4.13. Sensitive data
4.13.1. Algar Tech may occasionally collect sensitive data relating to racial or ethnic origin, religious conviction, political opinion, trade union membership, data relating to health or life, genetic and biometric data. The processing of this data expressly follows the provisions of current legislation, always taking into account the purpose of the processing, as well as respecting the necessary legal bases. Personal data and other information is anonymized through encryption and restricted access control.
4.13.2. Leads are intended to obtain personal data from employees of a company who have decision-making power or influence over the contracting of a service provided by ALGAR TECH in order to initiate contact.
4.14. Notification of incidents
4.14.1. If Algar TECH verifies or becomes aware of any violation or incident that results in the destruction, loss, alteration, disclosure or unauthorized access during the respective processing of the data that results in potential data to the data subject, this company undertakes to investigate the incident, notify the data subject within a legally specified period and take reasonable measures to mitigate or minimize any damage resulting from this incident and/or violation.

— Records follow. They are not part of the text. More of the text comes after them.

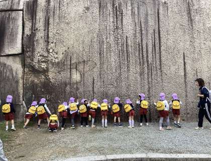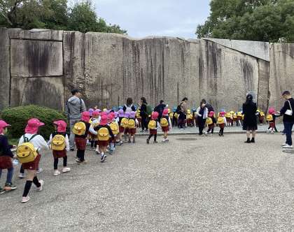 園外保育 公開日 2025/11/06 更新日 2025/11/06 うつぼ日記 今日は、大阪城公園に来ました。曇り空でとても過ごしやすいお天気です。世界中の国からたくさんお客さんが来ています。年長さんは、昨日の音楽会で歌った歌「世界の国からこんにちは」を口ずさんでいました。天守閣には上がらずに、大きな石垣を押したり見上げたりしました。大阪城はとっても大きくて綺麗です。 いいね(0)
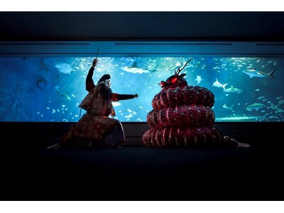 「石見神楽」は、島根県西部、石見地方を代表する伝統芸能で、室町時代後期に起源を持ち、軽快な囃子に合わせながら、豪華絢爛な衣裳をまとった舞手が躍動的な舞を披露するのが特徴です。2019年5月には日本遺産に認定され、昨年7月には国立劇場で石見神楽の単独公演が行われるなど、伝統を守り続けながらも現在進行形で挑戦し続けている伝統芸能でもあります。今回の取り組みでは、史上初の試みとなる閉館後の水族館を有効活用しての夜神楽の開催をはじめ、島根を代表する伝統文化「石見神楽」の真髄に触れることのできるスペシャルな企画となっております。
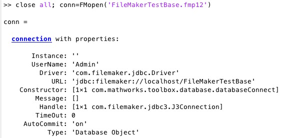 FMopen(fname,user,passw)- opens a FileMaker Database by the FileMaker Application |
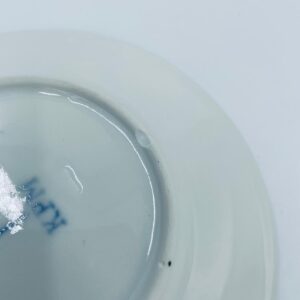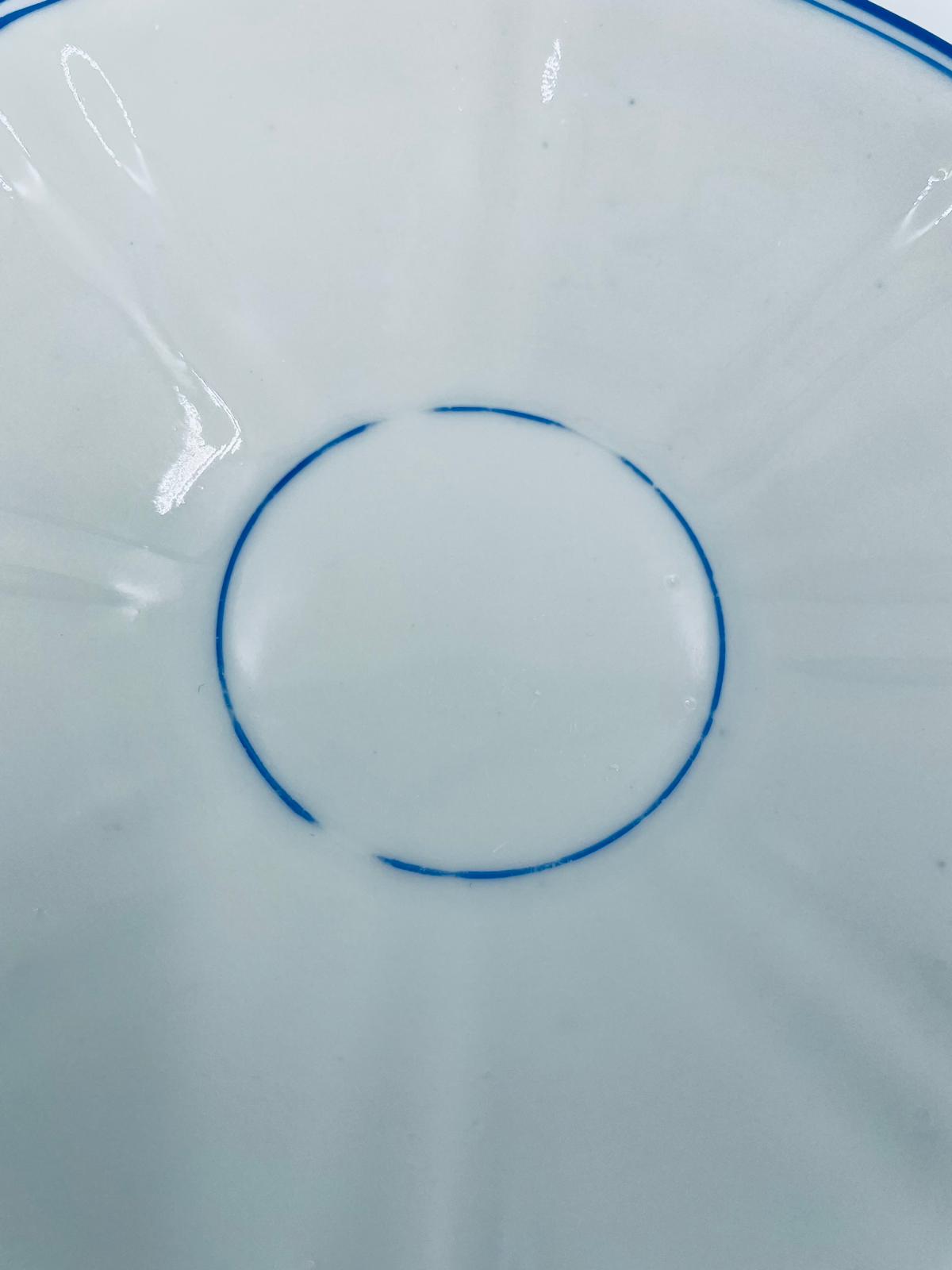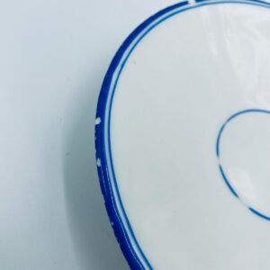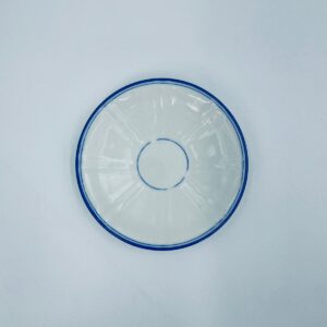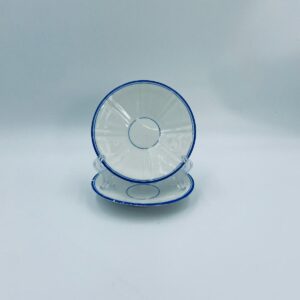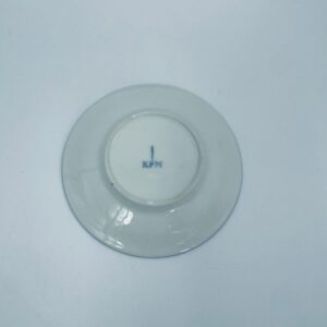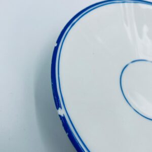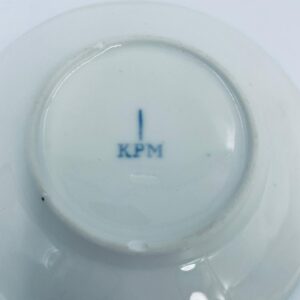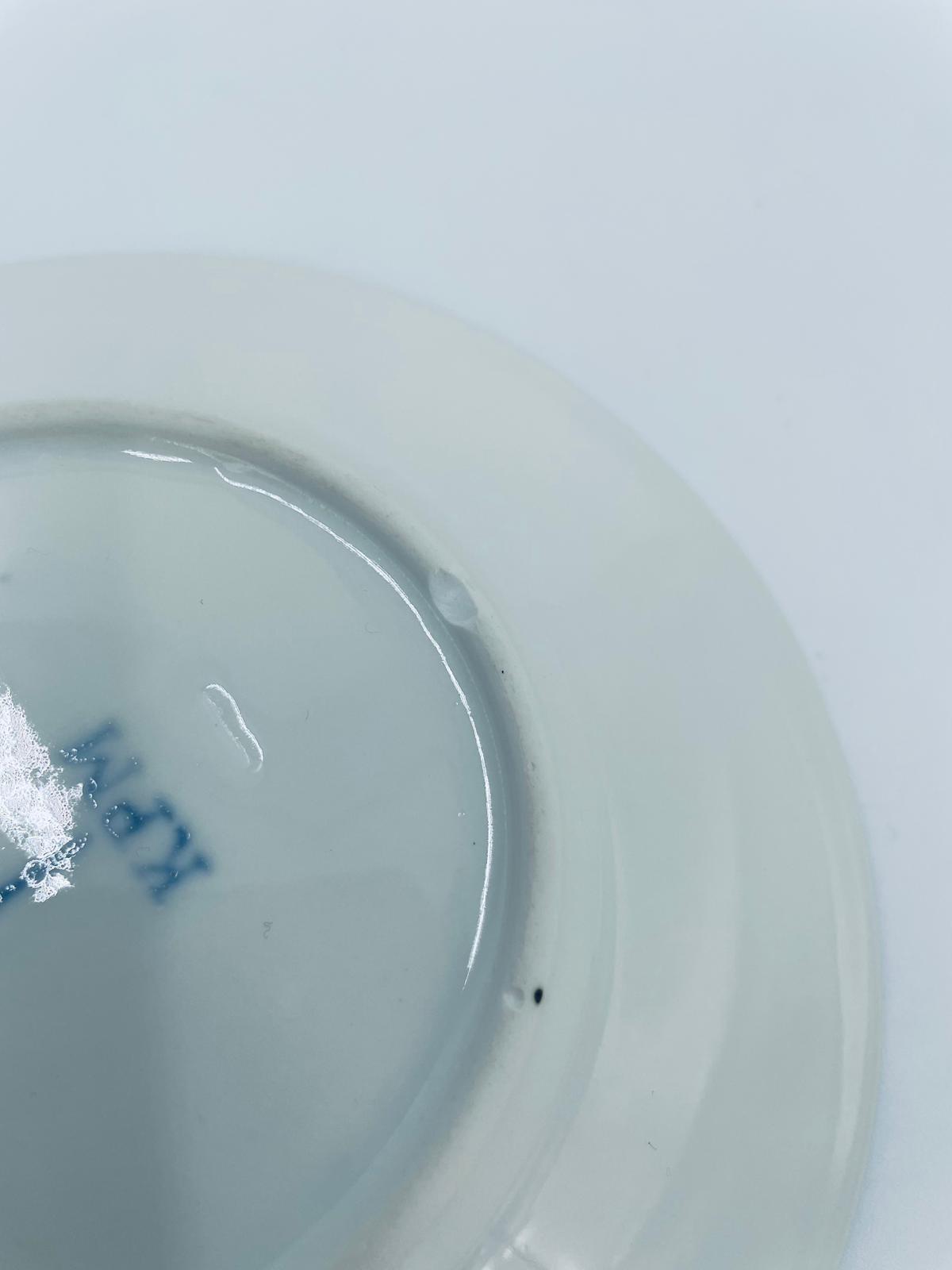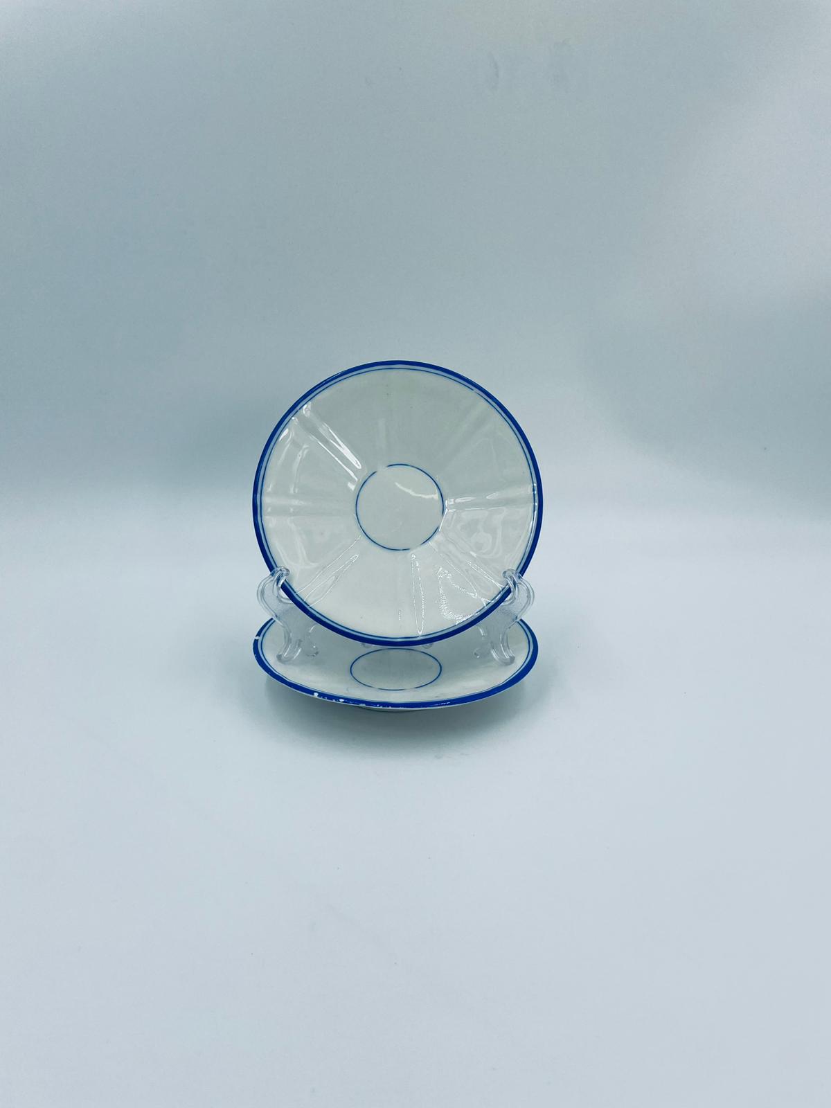 Cup saucer by the royal communist-era KPM Berlin manufactory, made of high-quality white porcelain. The saucer is elegant and classic, decorated with a blue stripe on the edges. It has rubbing and small chips.

4.14.2. Notifications of incidents will be delivered to the data subject by any means Algar TECH selects, including electronic means, so it is the sole responsibility of the data subject to ensure that Algar TECH has accurate contact information.
4.14.3. The owner of the data, whether an associate, supplier, customer, among others, who becomes aware of any possible improper use/access, incident or violation of their data related to the services and which are related to Algar TECH, must notify Algar TECH immediately.

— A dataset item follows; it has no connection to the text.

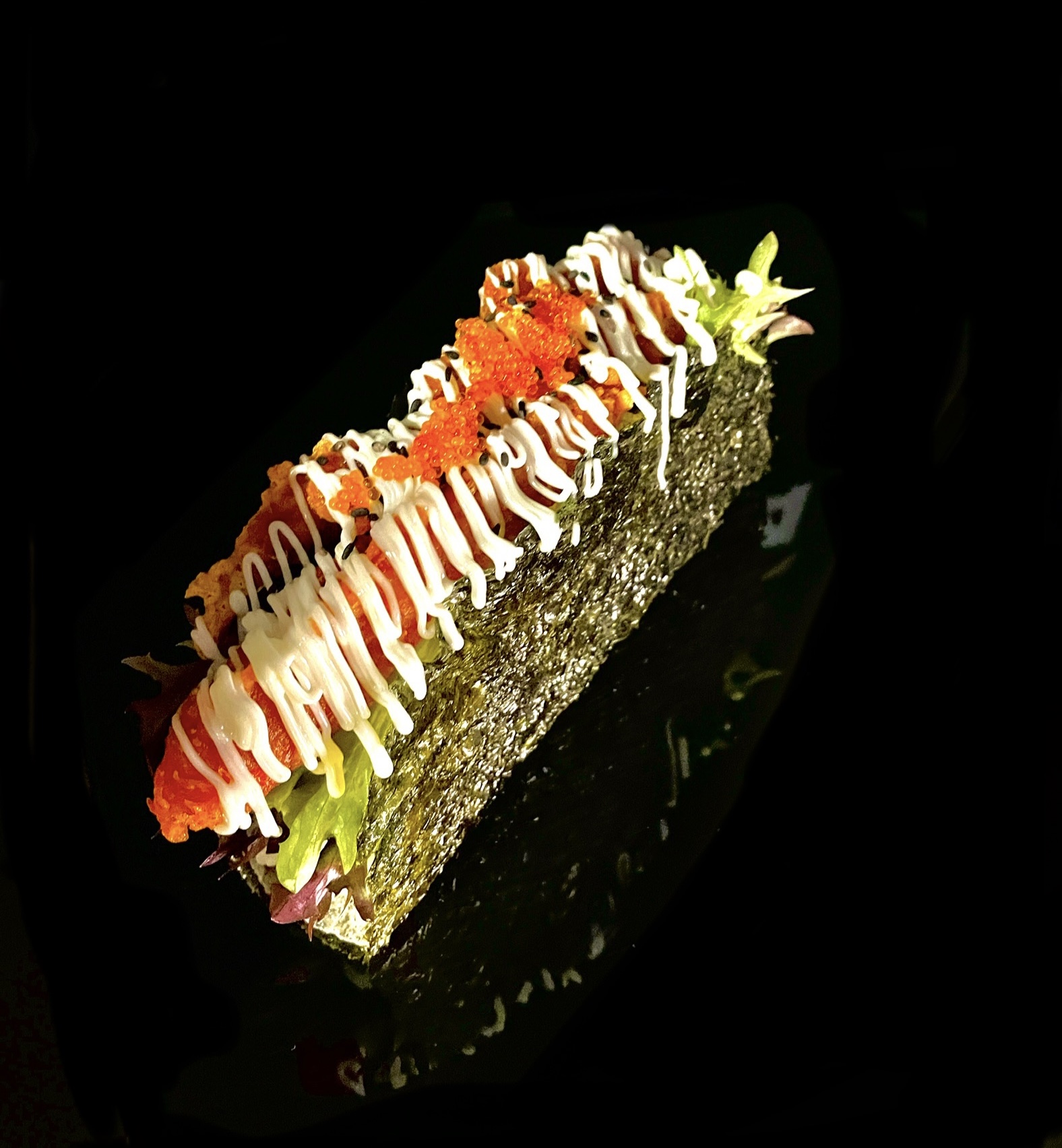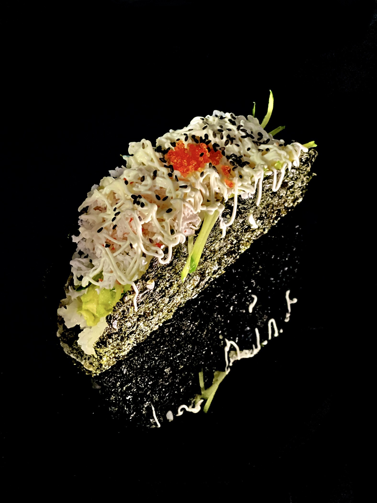 Spicy soft shell crab with lettuce, mayonnaise, caviar

4.15. Applicable law and jurisdiction
4.15.1. This Privacy Policy shall be governed by and interpreted in accordance with Brazilian law, in the Portuguese language.
4.16. Communication
4.16.1. The Holder of the personal data recognizes that all communication made by e-mail to the addresses informed in their registration, SMS (short message service””), instant communication applications or any other digital and virtual form are also valid as documentary evidence, being effective and sufficient for the disclosure of any matter referring to the services provided by Algar Tech, as well as the conditions of its provision or any other matter addressed therein, except for the provisions expressly provided for in this Policy.
Any questions, requests or requests may be sent to the Data Protection Officer/DPO, Mr. Carlos Eduardo Lopes, via e-mail to dataprivacy@algartech.com.
Algar Tech reserves the right to change the content of this Policy at any time, according to the purpose or need, such as for the adequacy and legal compliance of a provision of law or rule that has equivalent legal force, and it is up to the holder of personal data to verify this with Algar Tech through the website www.algartech.com.br.